Below I describe a selection of my recent projects, grouped by topic.
End-User Programming for Web Automation
Helena is a high-level programming language for web automation tasks such as data collection and data entry. Users draft Helena programs by recording themselves completing a subtask; Helena's Programming By Demonstration (PBD) tools can use these recordings to write programs for completing all subtasks. (See below.) The Helena editor lets users adapt, extend, and understand their programs.
Ringer is a low-level programming language for web automation tasks. Many statements in the high-level Helena language are implemented with Ringer. Ringer comes with a record and replay tool; when a user demonstrates how to complete an interaction in a normal browser, the tool writes a straight-line Ringer program that completes the same interaction on the same pages.
Rousillon is a PBD tool for writing Helena programs that automate large-scale web data collection tasks. It is implemented as a Chrome extension. Rousillon lets users demonstrate how to collect the first row of a multi-relational dataset, then generalizes the straight-line interaction into a program for collecting all rows.
DIYDA (the DIY Digital Assistant) is a tool for adding custom 'skills' to a voice assistant. To add new skills, users (i) provide the text of the question they'll ask, (ii) demonstrate how to find the answer to the question on the web, then (iii) tell Diyda what to say aloud to answer the question. Based on the user's demonstration, Diyda writes a Helena program to automate the web interaction. This project is still in development, but check back for updates!
End-User Programming for Other Domains
Dapper synthesizes Probabilistic Programming Language (PPL) models from input datasets. The goal is to put small, readable PPL models in the hands of social scientists and data scientists, so that they have access to the powerful abstractions PPLs offer for inference and simulated interventions. Dapper currently produces output programs in the BLOG language, but its IR makes it easily retargetable.
Driver uses Syntax-Guided Synthesis (SyGuS) to synthesize reactive robot motion planners. As input, it takes a simple description of the environment, the target, the obstacles, how the obstacles can move, and how the robot itself can move. As output, it produces a motion planner that can react to an adversarial environment.
Usable Parallelization
Dicer is a framework for parallelizing large web automation experiments. As more tools start consuming webpages as inputs, the need for controlled experiments of these tools grows greater. Dicer facilitates such experiments by (i) using a custom caching proxy server to hold webpage inputs constant during a programmer-defined session and (ii) offering a simple programming model that allows Dicer to automatically and transparently parallelize experiments.

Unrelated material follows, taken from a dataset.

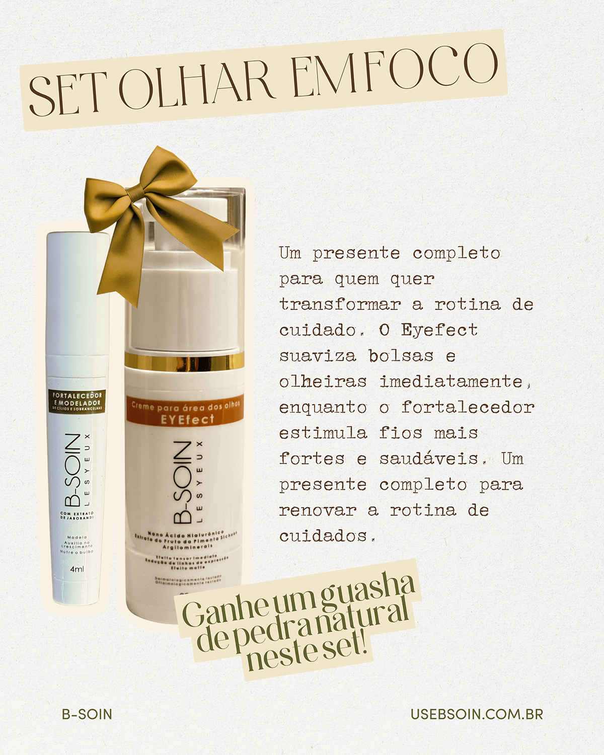 O Eyefect B-SOIN é um creme intensivo para a área dos olhos que combate bolsas, olheiras e sinais de envelhecimento com uma fórmula rica em peptídeos, ácido hialurônico e extratos botânicos.

The Parallel Skip Block, a new language construct introduced in Helena, offers end users a way to parallelize their web automation scripts by answering questions they already understand. In particular, users indicate how they decide whether two online objects - e.g. authors, restaurants - represent the same entity. Our results show that people who identify as non-programmers can learn to use this construct correctly in seven minutes, on average. Once a user has added a skip block, Helena can use it to automatically parallelize the program, achieving near-ideal speedups.